What Will NYPL Trustees Do Now?
Jorge Luis Borges famously described paradise as a kind of library, but recently the New York Public Library has seemed more purgatory than paradise for its many users. Over the last few months, the Rose Reading Room has remained shuttered after a portion of the ceiling crashed to the ground. Can there be any more fitting symbol for the moral decay eating away at New York’s great public research library? Last Wednesday afternoon, the New York Public Library’s Board of Trustees convened a meeting at the Mid-Manhattan Library, and we were there to observe every detail.
Mayor de Blasio and Speaker Mark-Viverito have not yet appointed representatives to the NYPL Board of Trustees. We urge them to appoint independent representatives so that New Yorkers, whose tax dollars provide more than half the funds for NYPL, will be properly represented on the board. This is a crucial step needed to provide the accountability and transparency that has been absent from NYPL planning.
President and CEO Anthony Marx confirmed that Mayor de Blasio and the City Council have approved $151 million in capital funds that were previously allocated for the now defunct Central Library Plan. We note that these funds were approved without public hearings or public comment. At a time when our city’s branch libraries need millions in basic repairs, it is expected NYPL will use the funds to revamp the 42nd Street library and the Mid-Manhattan Library.

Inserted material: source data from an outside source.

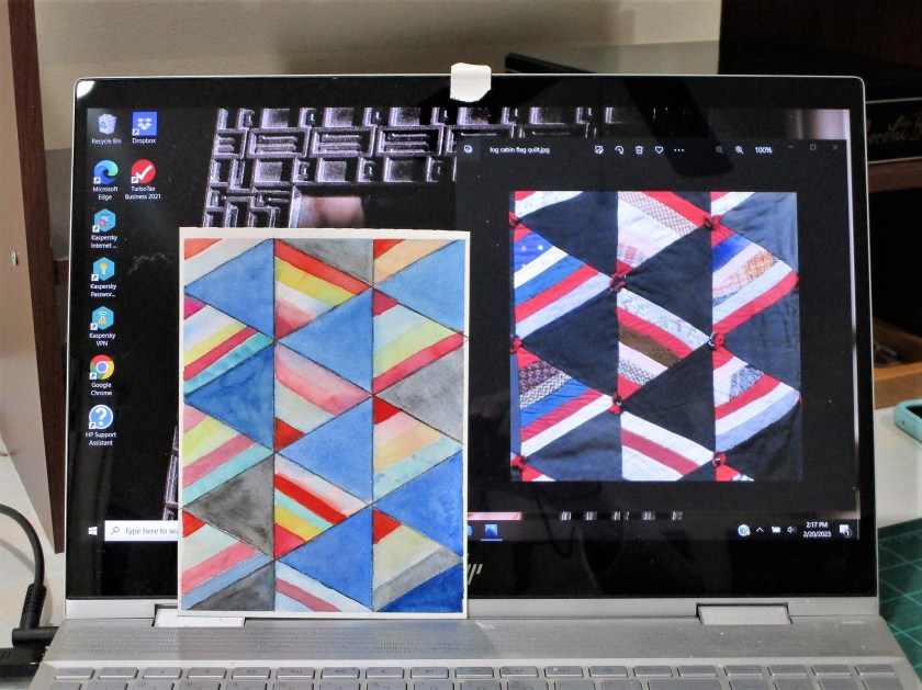 In perusing my library of reference photos, I came across an image of a quilt that really appealed to me. I described it as a log cabin flag quilt. I saved it with the idea of making a similar quilt.
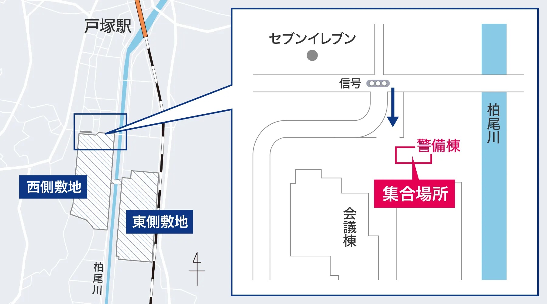 中外ライフサイエンスパーク横浜の入り口正面にあります警備棟で入場手続きを行ってください。
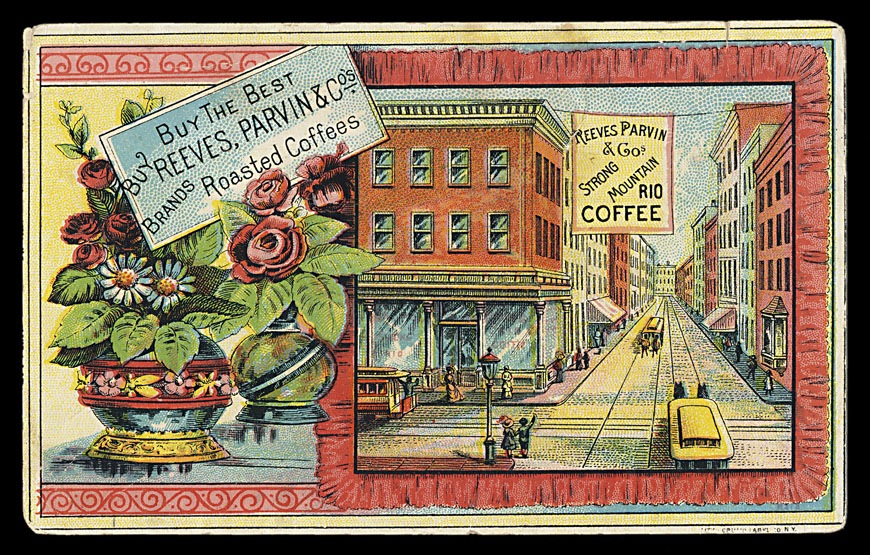 Stock trade card, imprinted for a coffee company. Printed by Crump Label, NY.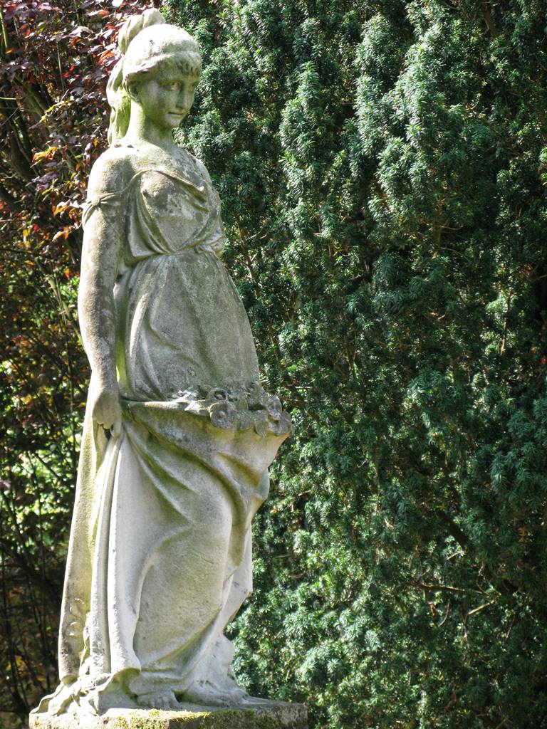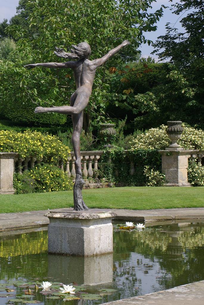 Côté sud, la pièce d’eau aux nénuphars accueille en son centre une statue aérienne ‘Wood Nymph’ de David Williams-Ellis.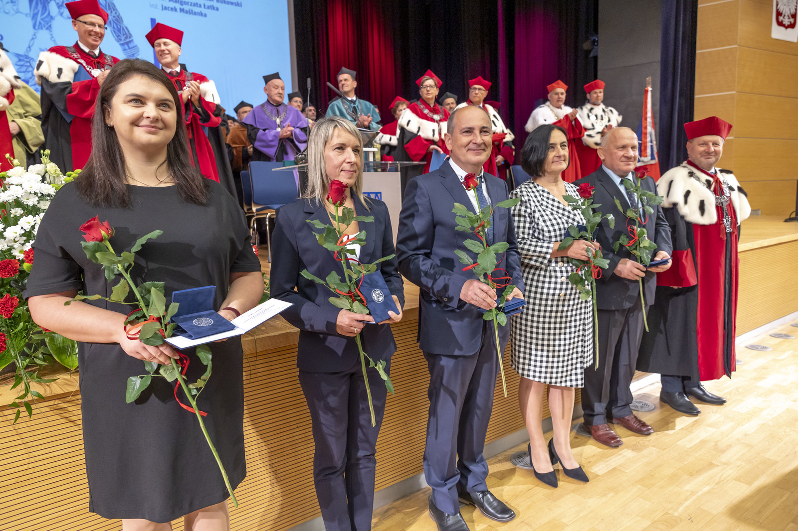 Wręczono również medale „Zasłużonym dla Politechniki Rzeszowskiej”. Wyróżnienie to otrzymali: Małgorzata Kubiś, HR Leader w Deloitte CE Business Services Center Sp.z o.o., w uznaniu zasług dla rozwoju Politechniki Rzeszowskiej, mgr Aneta Borecka-Śpiewla, prof. dr hab. inż. Wiktor Bukowski, dr inż. Małgorzata Łatka, inż. Jacek Maślanka. Tę uroczystości poprowadził prorektor ds. studenckich prof. dr hab. Grzegorz Ostasz.

NYPL revealed few details about what they are now calling the “Midtown Campus Renovation.” The current phase of the project, which is focused on defining spatial needs for anticipated library programs in the project, is expected to take at least six months. Specific designs for the renovation of the buildings in this plan would not be made until the programming phase and a physical condition assessment is completed.
Marx said that NYPL had been working with the NYC government for almost a year to redesign many aspects of their relationship. He put special emphasis on the need to change the way city funds are allocated to the library. Now that the city has promised to base-line library budgets, NYPL is seeking a dependable capital budget that will allow it to address the needs for capital improvements in what Marx claimed was its two million square feet of space across three boroughs.
Marx explained that construction projects handled by NYPL on a “pass-through” basis – that is, projects where the construction process is managed by NYPL rather than NYC Department of Design and Construction – allowed them to complete projects at half the cost and in half the time. Because projects handled in this way are less transparent, it is difficult to verify this assertion. CSNYPL believes that public funds need to be approved and accounted for publicly. Any scheme that keeps these expenditures from open public scrutiny should be avoided.
During the meeting, Trustee Robert Liberman reported on capital planning projects. Liberman stated the $18 million renovation of Schomburg Center would be done on a pass-through basis and that the new library at the former Donnell site on 53rd Street would start in the fall and be completed at the end of 2015. He mentioned a renovation project at the Woodstock Branch for $9.7 million and another in Rossville, Staten Island for $10.7 million.
Jonathan Bowes presented a summary of the Center for Urban Future’s report on re-imagining branch libraries. CSNYPL will release a detailed response to this report soon.
The board welcomed four new executive officers: Iris Weinshall was named Chief Operating Officer, Christopher Platt as Vice President of Public Services, Carrie Welch as Chief External Relations Officer, and Ryan Cairns as Vice President of Development.
The sale of SIBL was never raised during the meeting. Also unmentioned was the fate of the seven-floors of stacks below the 42nd Street library, which are currently empty following the removal of books in anticipation of the stacks demolition (thankfully thwarted by the efforts of New Yorkers, CSNYPL, and its allies).
CSNYPL believes that a portion of the $151 million in New York City taxpayer funds should be spent to update the climate controls in the stacks of the 42nd Street library. The long promised second-floor Bryant Park Stack Extension (BPSE) has not been started and there was no word of progress towards its realization. Relying on BPSE alone to store the library’s collections does not adequately meet the future needs of New York City’s largest research library, and leaving the stacks empty for want of new air-conditioning and fire suppression systems cannot be a long-term solution.
Disconcertingly, the NYPL has been slow to address the urgent condition of the Rose Reading Room’s ceiling after a plaster rosette fell in May, forcing the closure of library’s largest reading room. According to Liberman, the library is close to signing a contract for scaffolding that will enable experts to examine the condition of the ceiling, but they are not yet ready to begin repairs that will return this crucial facility to public use.
Meanwhile, visitors to the library must use rooms in the second-floor corridor for accessing materials. Many of these rooms suffer from poor lighting, making reading difficult, and many readers report longer than normal retrieval times. NYPL has devised a system to deliver books to readers scattered around the library while the Rose Reading room and its elegant retrieval system are closed. They claimed books are delivered within 45 minutes and said they might make this a permanent feature of the library. When the stacks were being used books were often delivered in 15 minutes.